Du « toujours plus » au « toujours mieux »

Prédication prononcée le lundi 13 juillet chez les sœurs dominicaines de Beaufort. Les textes sont : Is 1,10-17 et Mt 10,3 – 11,1.

Mes sœurs, chers amis,

Permettez-moi de vous poser une colle : quel est d’après vous le slogan qui correspond le mieux à notre époque ? Sans doute s’en trouve-t-il plusieurs, mais je vous invite à en choisir un et vous donne cinq secondes pour cela, avec un joker : celui auquel je pense est suggéré par la première lecture. Vous y êtes ?

toujours plus ou toujours mieux

Je vous propose donc de reconnaître la prééminence du « toujours plus », et la parole du prophète Isaïe qui me la suggère est : « que m’importe le nombre de vos sacrifices ». Oui, toujours plus de sacrifices, toujours plus d’argent, toujours plus de biens, toujours plus de retour sur investissements, toujours plus de « followers », et j’en passe. Tout n’est pas faux dans ce toujours plus, je vais le dire tout à l’heure, mais il est le plus souvent limité et vain. Il nous propose une vision horizontale des choses, de l’ordre de l’accumulation.

Alors, je vous propose de le remplacer par un « toujours mieux ». L’avantage de ce dernier est qu’il nous donne une vision verticale de notre vie, vers l’être et non plus vers l’avoir : aller au plus profond de soi ou nous tourner vers les cieux, et donc vers Jésus. Le toujours mieux ne connaît pas lui de limites.

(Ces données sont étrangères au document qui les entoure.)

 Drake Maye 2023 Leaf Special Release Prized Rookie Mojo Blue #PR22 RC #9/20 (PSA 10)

L’évangile nous avertit toutefois, le toujours mieux pourra nous faire rencontre bien de l’adversité : en nous-mêmes parfois, mais du côté de notre monde, de notre entourage, parfois même de nos familles et de nos amis. En effet, il nous singularise ! Il nous fait aller à contre- courant.

D’ailleurs, me direz-vous, Jésus ne nous propose-t-il pas dans l’évangile un « toujours plus » lorsqu’il nous demande de le préférer à nos parents, à nos enfants ? Mais le toujours plus en question est d’un autre ordre que celui dont je vous parlais tout à l’heure, c’est un toujours plus d’amour : ce toujours plus est différent, il nous conduit en fait vers le « toujours mieux ».

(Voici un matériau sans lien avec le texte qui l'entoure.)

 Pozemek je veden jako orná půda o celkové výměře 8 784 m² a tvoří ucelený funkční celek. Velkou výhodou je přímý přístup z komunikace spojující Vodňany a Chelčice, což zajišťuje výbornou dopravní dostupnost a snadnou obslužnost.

Mes sœurs, chers amis, connaissez-vous la vraie force du toujours mieux ? Si le toujours plus ne peut concerner que quelques-uns, le toujours mieux est disponible pour chacun en tout temps et en tous lieux, quelles que soient les circonstances.

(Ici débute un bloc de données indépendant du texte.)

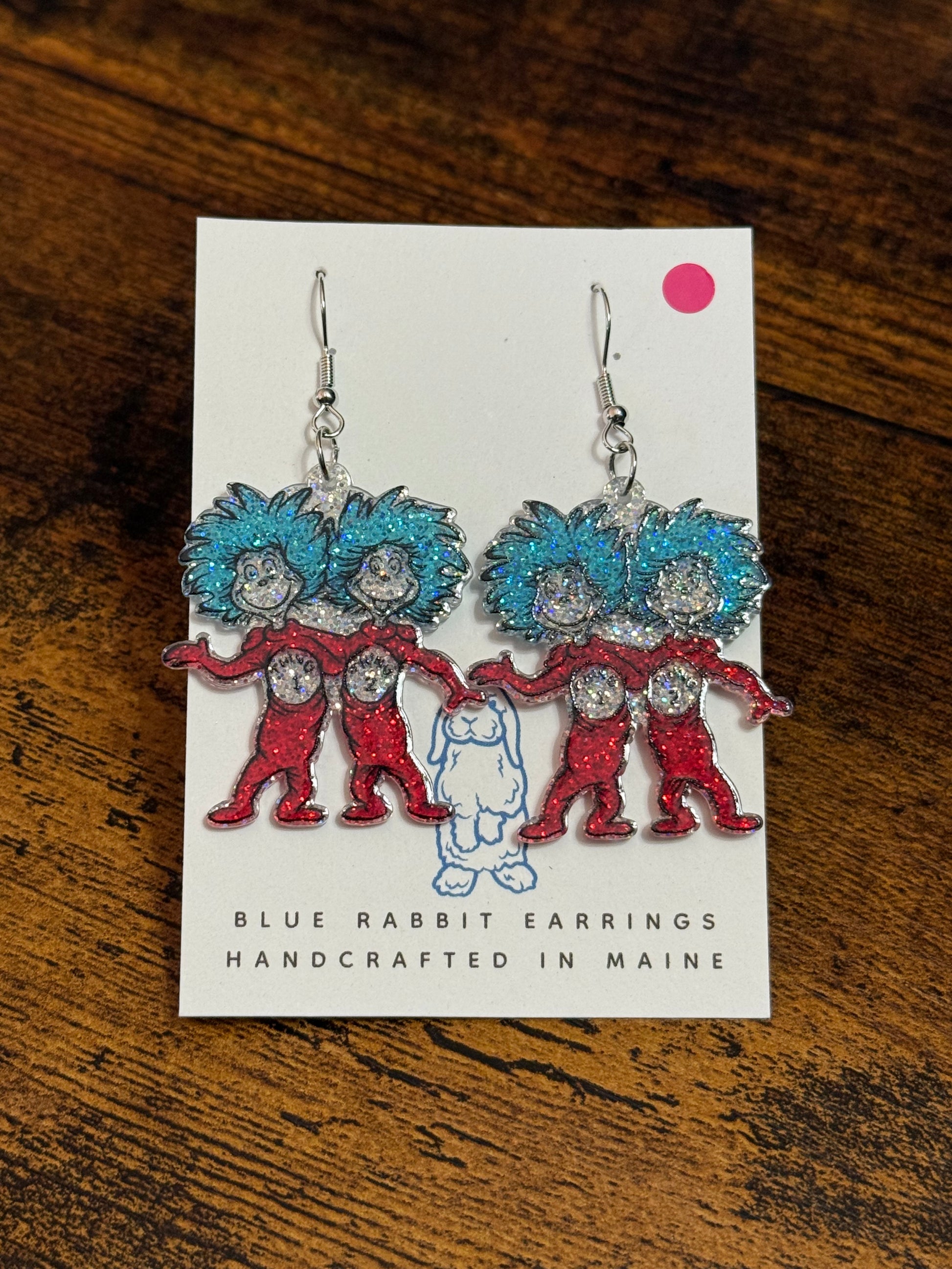 Acrylic Thing 1&2 inspired Earrings. Stainless steel findings.

P. S. On m’a fait remarquer, après que cette prédication ait été donnée, qu’elle s’inscrivait pleinement dans le cadre d’une certaine réflexion écologique contemporaine, issue de Laudato SI. Il se trouve que, alors que cette réflexion me touche comme en témoignent plusieurs articles de ce blog, comme en témoigne celui-ci, la prédication en question a été conçue en dehors de ce référentiel.